--- TASK TO COMPLETE ---
Your reply should restate the lines from the top of the entries through the line containing "(总)雷娜家居 2026新款" word for word, with no pictures.

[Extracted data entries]
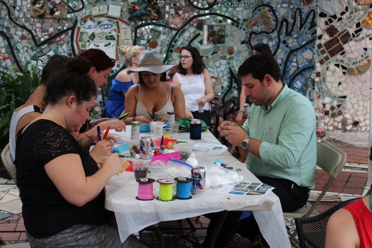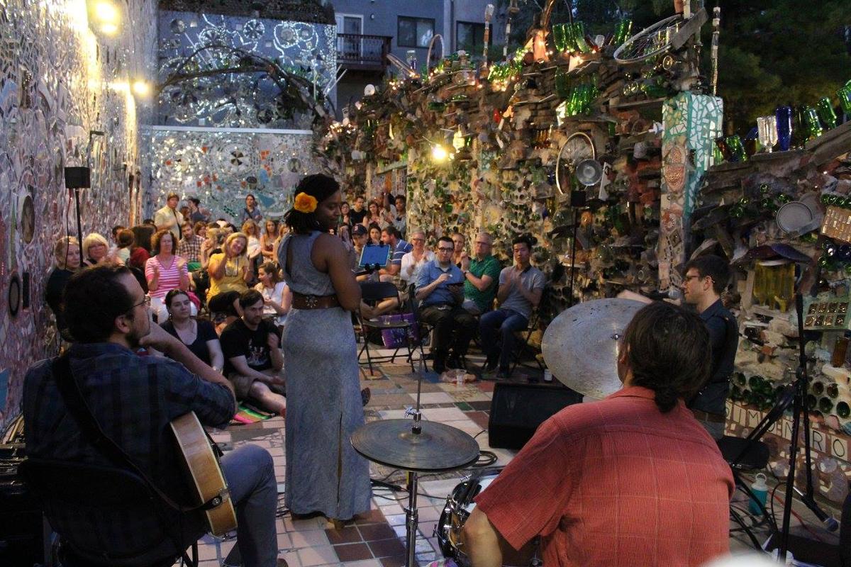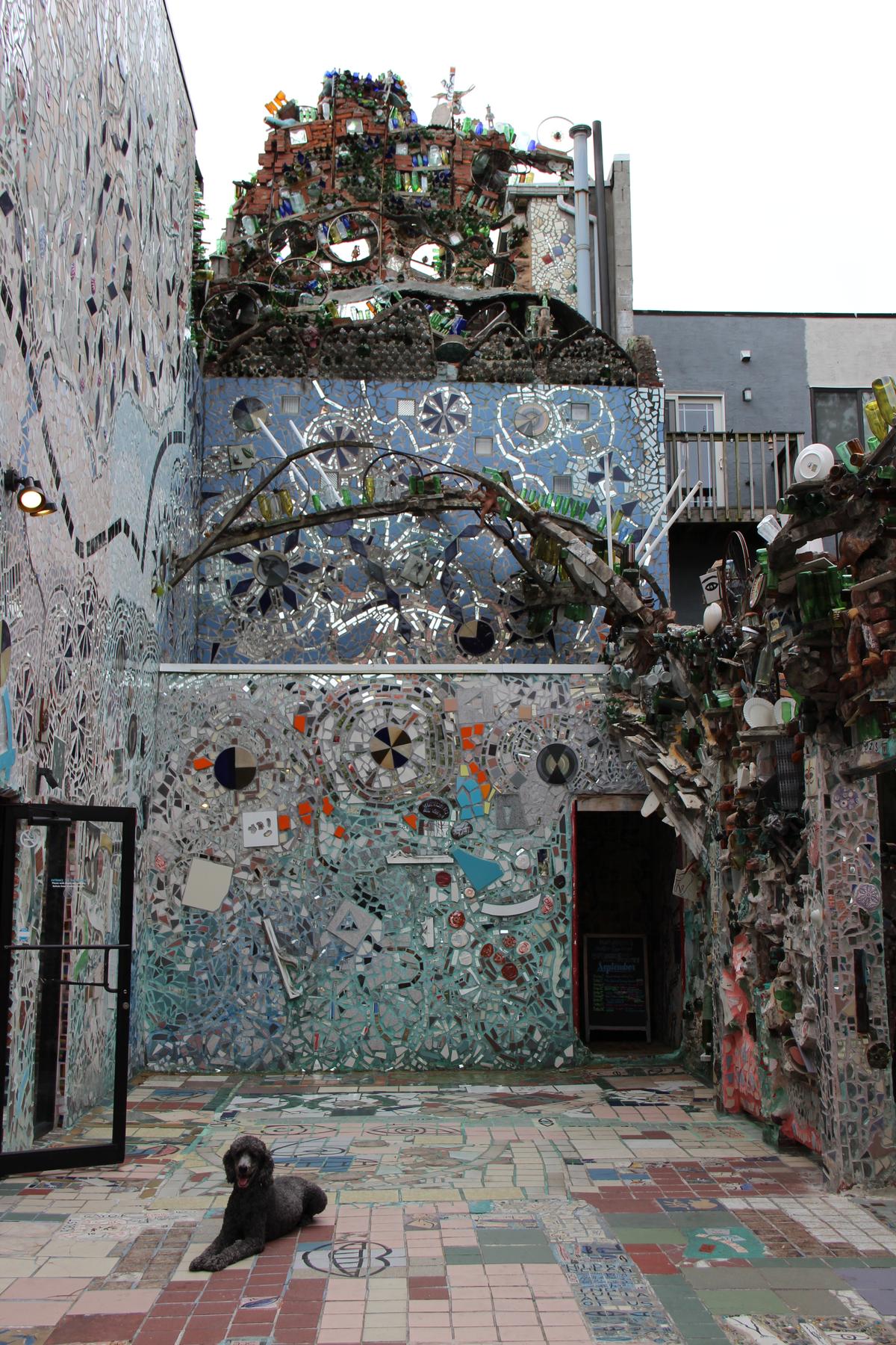 Philadelphia's Magic Gardens (PMG) is a visionary art environment, gallery, and community arts center that preserves, interprets, and provides access to Isaiah Zagar's unique mosaic art environment and his public murals. The Magic Gardens site, Zagar's largest artwork, includes a fully-tiled indoor space and a massive outdoor mosaic sculpture garden that spans half a block on Philadelphia's famous South Street. Inside, visitors can view folk art statues, bicycle wheels, colorful glass bottles, Zagar's hand-made tiles, and thousands of glittering mirrors. The installation pays tribute to Zagar's artistic influences, along with community and personal experiences.
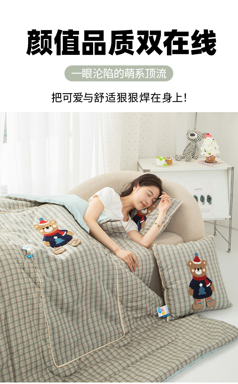 (总)雷娜家居 2026新款全棉纯棉色织羞羞狗抱枕被,羞羞狗红,羞羞狗咖,羞羞狗绿
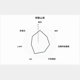 5位は和歌山県。40代では8位にランクインしており、不健康偏差値の上位県のひとつである。LDLコレステロールと血圧の偏差値が高いのが特徴だ。LDLコレステロールは全国2位にランクインしているし、血圧は全国3位となっている。和歌山県といえば梅干しが有名だ。梅干しには高血圧を抑える作用があると言われているが、はたしてどうなのだろう。ただBMIとγ‐GTPは全国平均並み、尿蛋白の偏差値もさほど高くない。
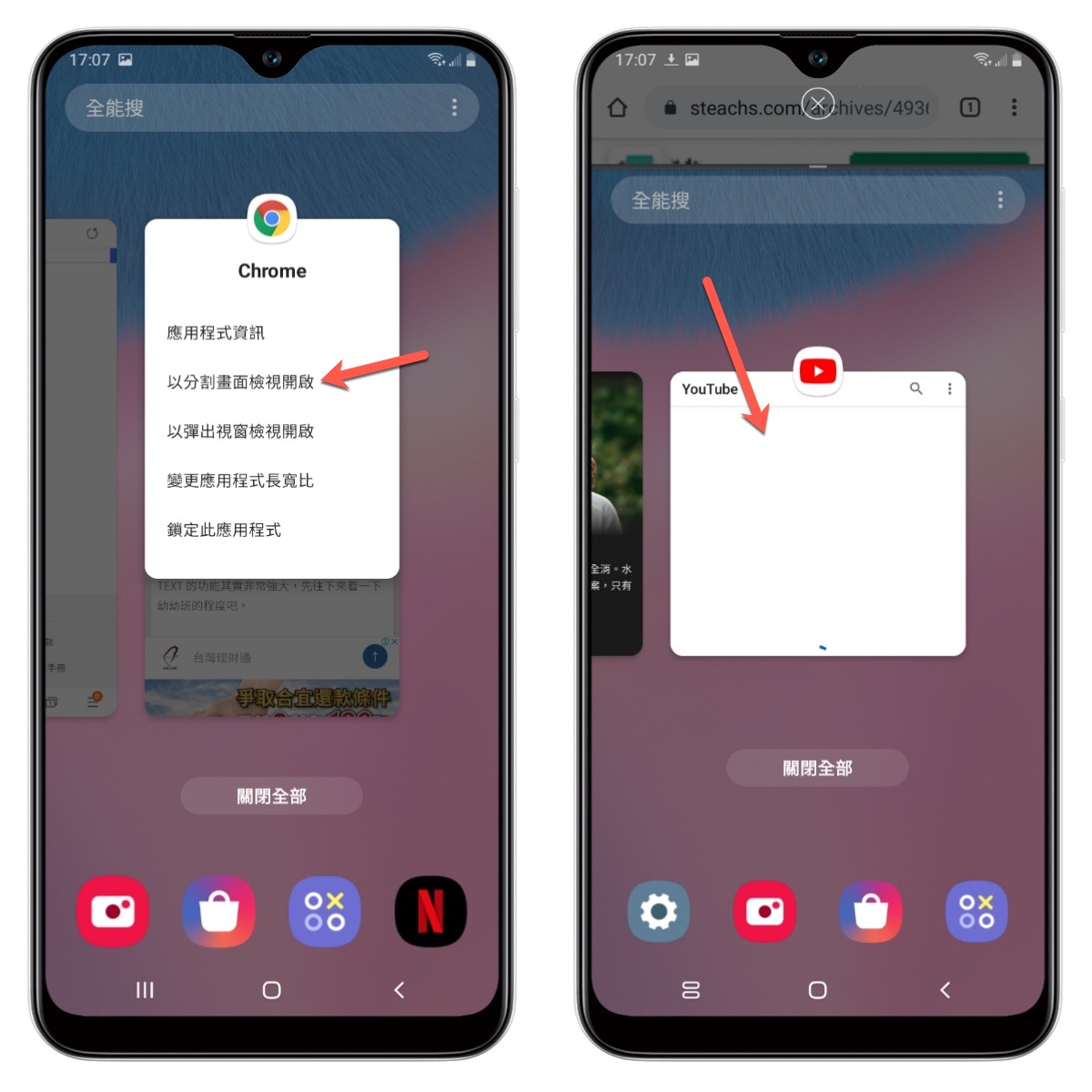 再點擊「以分割畫面檢視開啟」,然後再選擇下方視窗要操作的 APP,就搞定了。
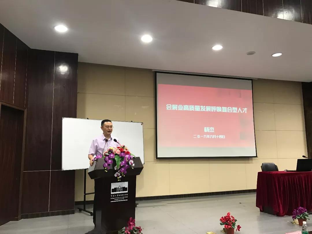 我司董事长杨杰受邀以“会展业高质量发展呼唤复合型人才”为主题进行讲座,并受聘为宁波大学科学技术学院管理学院专业建设特聘专家。

--- SOLUTION TO THIS TASK ---
 Philadelphia's Magic Gardens (PMG) is a visionary art environment, gallery, and community arts center that preserves, interprets, and provides access to Isaiah Zagar's unique mosaic art environment and his public murals. The Magic Gardens site, Zagar's largest artwork, includes a fully-tiled indoor space and a massive outdoor mosaic sculpture garden that spans half a block on Philadelphia's famous South Street. Inside, visitors can view folk art statues, bicycle wheels, colorful glass bottles, Zagar's hand-made tiles, and thousands of glittering mirrors. The installation pays tribute to Zagar's artistic influences, along with community and personal experiences.
 (总)雷娜家居 2026新款全棉纯棉色织羞羞狗抱枕被,羞羞狗红,羞羞狗咖,羞羞狗绿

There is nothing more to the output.